All About My Mother
A man I know lost his father to lung cancer. The man doesn’t drink or smoke, but he still believes he’ll die early. “I have this weird feeling that I can’t shake,” he told me over the phone, “that somehow these habits or tendencies that my dad had live inside me, and will be my undoing.”
Another friend lost her mom to a heart disorder. “Do you find it comforting?” she asked when I called. She meant the sound of a heartbeat. “I try not to rest my head on Greg’s chest,” she told me. (Greg is her husband.)
A third friend believes her dead mom spoke through a stranger. She told me the story after I messaged her on Instagram. Do you think they’re still around? I asked, referring to our late mothers. I used to not, she wrote back, but something happened that changed my mind. The thing that happened, she later explained, started with a panic attack. One night she felt she couldn’t breathe. She knocked on a random neighbor’s door in her apartment building. A middle-aged woman she hardly knew let her in. The woman helped my friend—taught her breathing exercises—and then extracted a promise. Apparently, my friend’s drinking habits had become a source of concern in the building. The neighbor thought she might not be well. She asked for a daily text, and coaxed my friend to try to change some behaviors. My friend thought perhaps this neighbor woman was a conduit, that her dead mom spoke through her. The next time we talked, my friend had just been to the gym. She seemed to have been shaken into finding a will to live.
“I have this weird feeling that I can’t shake that somehow these habits or tendencies live inside me, and will be my undoing.”
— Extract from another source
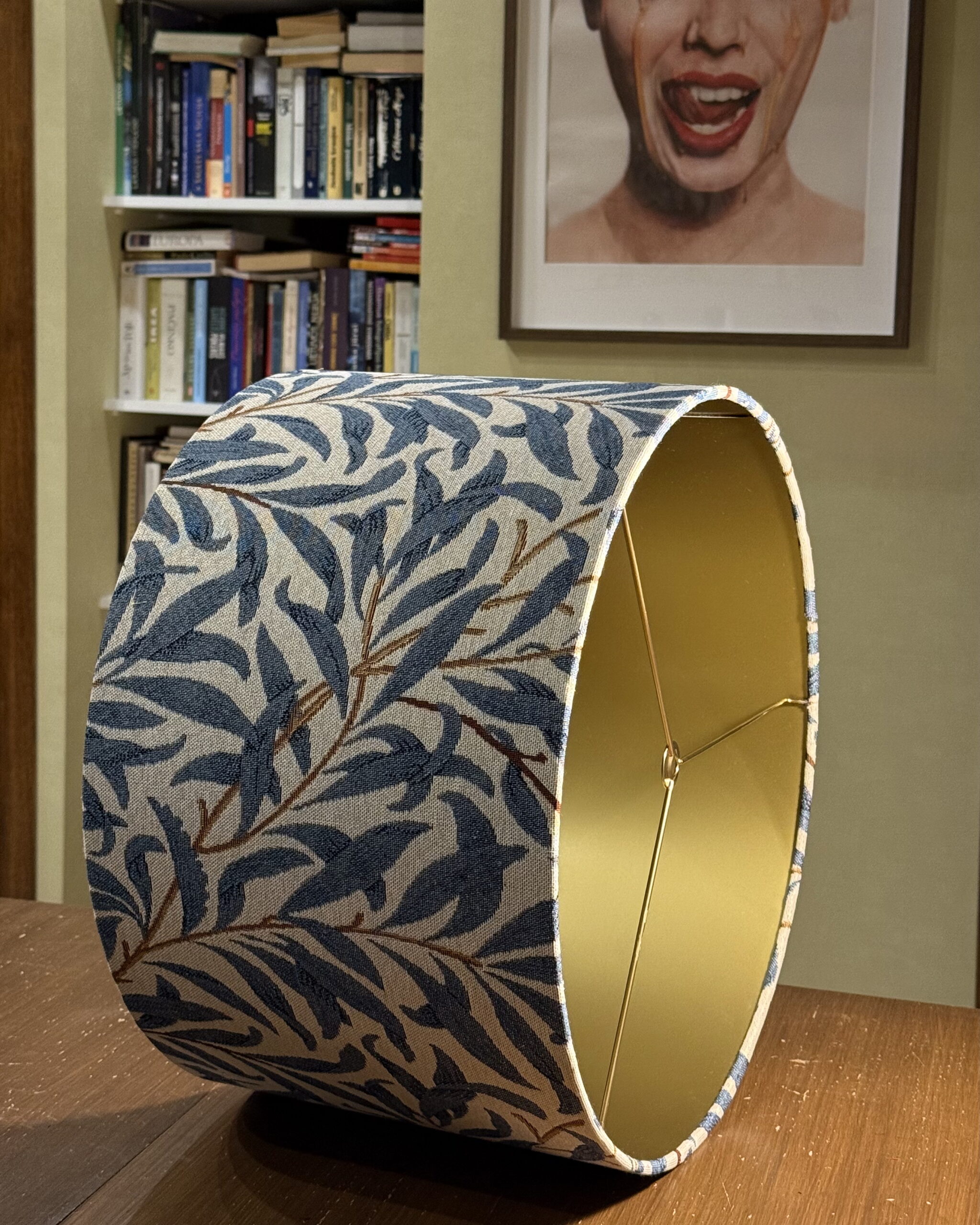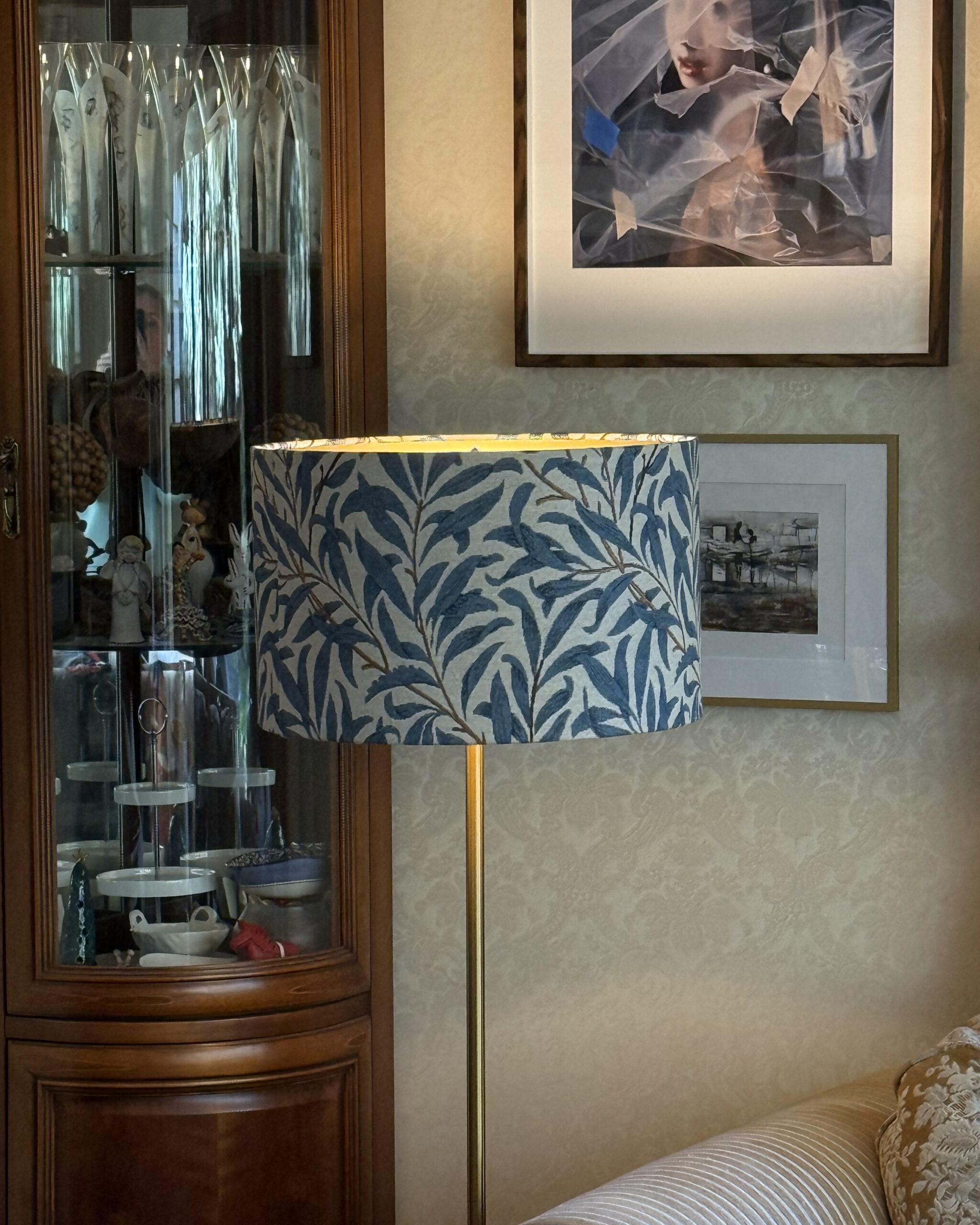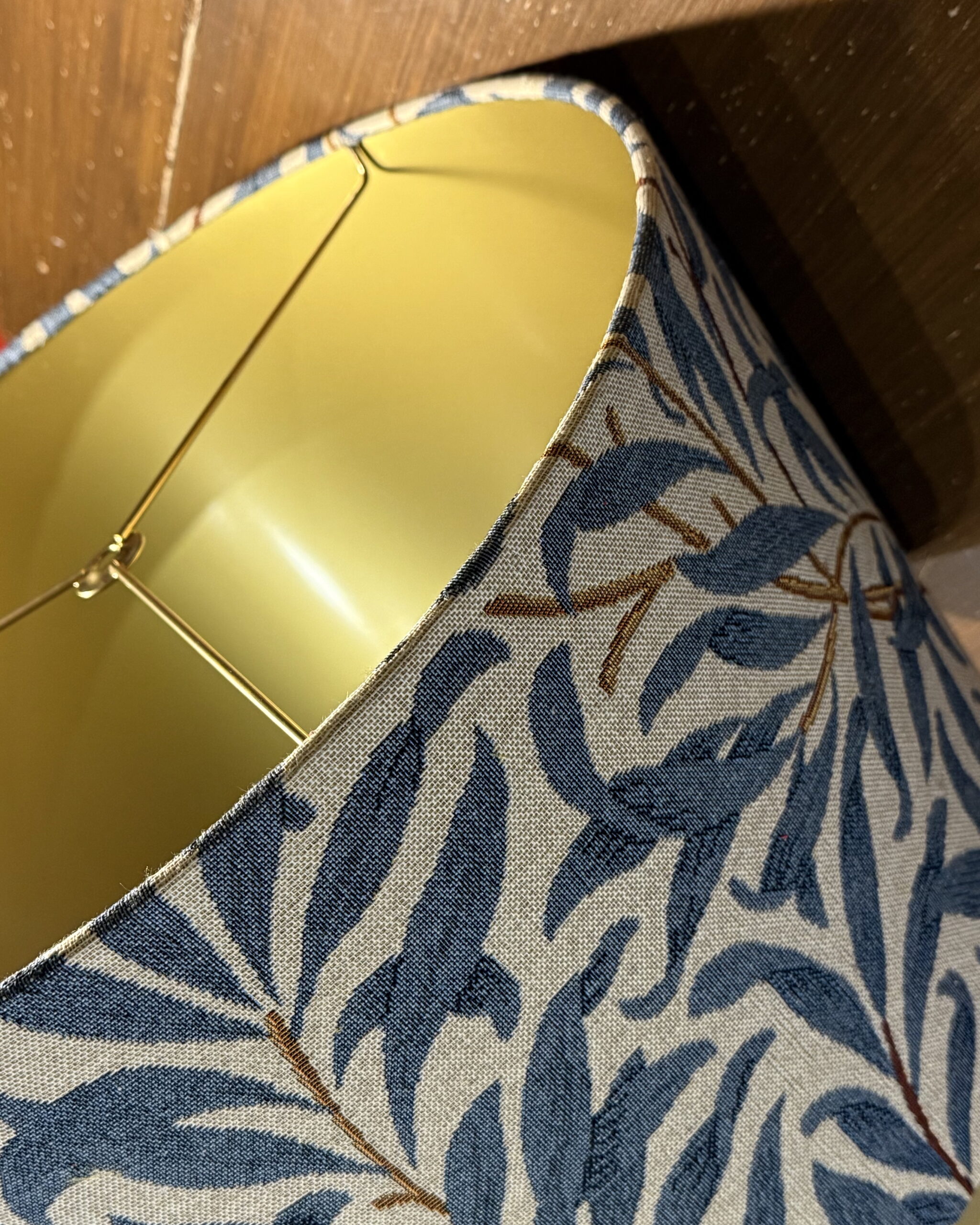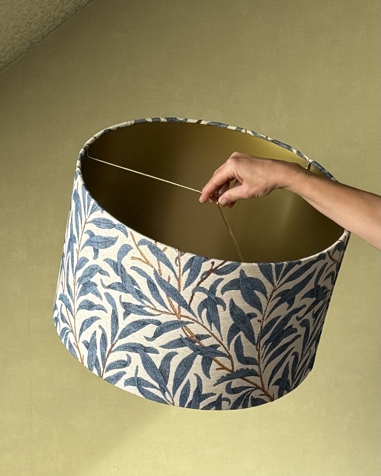 Shades of blue willow leaves meet the soft glow of matte gold –  a lampshade that brings nature and elegance together. Available in 5 sizes, this handmade lampshade works beautifully for table lamps, floor lamps, or as a ceiling shade. Perfect for adding natural charm with a touch of luxury to modern and traditional homes alike.

My own will to live feels tied to my mom. She died at 56. Cancer did not run in our family. She hardly drank, never smoked. A lot of things about her death felt unfair and poetic, and therefore indicative of a vengeful order to the universe. My mother was a doctor, and she died in the very hospital in which she worked. Cancer grew in her belly, and she had a stroke. Her dad had died when she was seven, from a heart ailment the Indian hospitals weren’t equipped to diagnose. So much of my mom’s life seemed set in motion by that loss, for better and for worse.
At my mom’s memorial service, I compared her to a hummingbird. Hummingbirds are of course known for hovering; lesser known is the fact that they hover out of necessity. They can’t walk because their legs are placed too far back on their bodies. They have to fly for food. Their hearts beat faster than those of most creatures, at more than 1,200 beats per minute during flight. They live shorter lives, on average, than other birds. Five years is ancient for a hummingbird, compared to, say, ten for a crow. They often simply wear themselves out—die from a lack of food or warmth in the winter, starved for energy. They need so much to keep going.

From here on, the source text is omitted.